Using data to make better water decisions

We tell stories with data to engage and inform water policy stakeholders to open out policy, challenge ‘magical thinking’ and increase the potential for conversation and dialogue on contentious water policy issues.

We’re releasing our first stories soon. The following Q&A with our Director Strategy & Programs, Rod Marsh, discusses what we hope these stories will achieve.

 

Q: Can you explain the goal of the data stories?

Our goal is to promote open dialogue and debate about contentious policy issues. To do this we need new ways to engage with facts, data and evidence that acknowledge different perspectives, the different ways issues can be framed, and the significant impact of uncertainty and ignorance.

By weaving facts and data into engaging narratives and showing how framing issues in different ways changes the problems we face, we aim to broaden people's understanding and foster dialogue and debate.

 

Q: Can you explain how 'facts' and 'evidence' can sometimes limit our choices?

‘Facts’ and ‘evidence’ are routinely deployed by advocates to narrow the scope of policy choice, usually to a single preferred outcome. The claim is often made that ‘given this evidence there is only one correct way to proceed’. For those with a strong partisan perspective, there is a strong incentive to frame complex, messy, value-laden, uncertain decisions as simple problems with clear right and wrong answers backed by evidence. 

However, evidence does not speak for itself.  Decisions must always be made about what evidence to focus on and what to ignore. We can frame policy issues in many different ways. Our deepest disagreements arise where evidence intersects with values. Until there is mutual acknowledgement of differing values and differing ways to use and interpret evidence many of our water conflicts will remain irresolvable.

 

Q: How does Watertrust plan to use data stories to change this situation?

We aim to show how water policy issues can be seen from multiple perspectives that require dialogue and debate.

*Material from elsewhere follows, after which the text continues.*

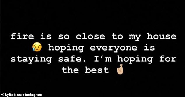 من حُسن حظ كايلي ووالدتها كريس جينر أنهما في أقصى الشّرق الأمريكي تحضران فعاليات عروض أزياء فيكتوريا سيكريت السّنوية، بعيدًا عن أقصى الغرب الكاليفورني الذي ضربته الحرائق، لكنّ كايلي جينر في حالة قلقة جدّاً على منزلها الواقع في كالاباساس، حيث نشرت صورة عبر إنستغرامها قالت فيها: "النّيران قريبة جدّاً من منزلي. أتمنى أن يكون الجميع بخير وأتمنى الأفضل للكُل".
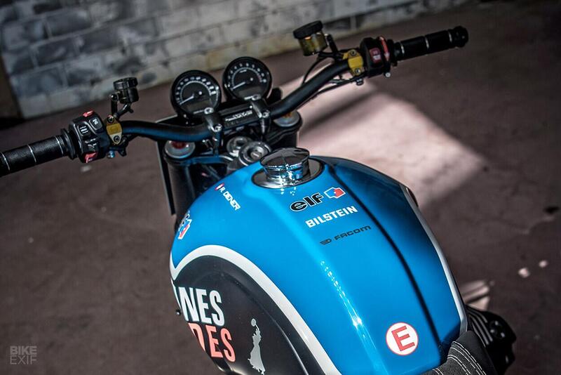 Il serbatoio è quello originale ma modificato per avere il tappo di rifornimento tipo Monza, il nuovo manubrio è un Magura e della stessa marca sono le pompe radiali per i comandi di freno anteriore e frizione.

We will demonstrate how quite different pictures of reality can be assembled depending on how ‘facts’ and ‘evidence’ are put together as part of larger narratives. 

Our data stories will show that there isn't just one right way to present or respond to water policy challenges. We also want to tell stories that are interesting and get people talking about water policy in new ways rather than reverting to tired, duelling certitudes.

 

Q: What's the timeline for your data stories work?

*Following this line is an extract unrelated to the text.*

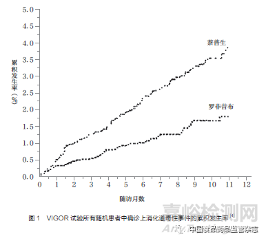 為了促進(jìn)市場(chǎng)推廣,默克公司于1999年啟動(dòng)了5個(gè)針對(duì)萬絡(luò)的大型上市后安全性驗(yàn)證研究,其中萬絡(luò)胃腸道安全性研究(Vioxx Gastrointestinal Outcomes Research,VIGOR)率先完成。VIGOR試驗(yàn)招募了8076名至少50歲(或至少40歲并接受長(zhǎng)期糖皮質(zhì)激素治療)的類風(fēng)濕關(guān)節(jié)炎患者[4],其中4047人被分配接受每天50mg的羅非昔布,4029人被分配接受每天1000mg的萘普生(非甾體抗炎藥),主要終點(diǎn)是確認(rèn)臨床上的上消化道事件(包括胃十二指腸蠕動(dòng)或梗阻、上消化道出血和有癥狀的胃十二指腸潰瘍)。

We're working on it now. We're making our first four data stories, and we plan to share the first two in the next 3-4 months. After that, we hope to share at least six stories a year. Some stories will be for everyone, and some will focus on specific issues relevant to a more limited set of stakeholders.

 

Q:What's your biggest hope for this project in the long run?

We hope that our data stories will help people be more open to dialogue and debate about water policy and move beyond some of the magical thinking that has locked conflict over water policy into predictable patterns for too long.

 

 

We need new ways to engage with facts, data and evidence that acknowledge different perspectives, the different ways issues can be framed, and the significant impact of uncertainty and ignorance.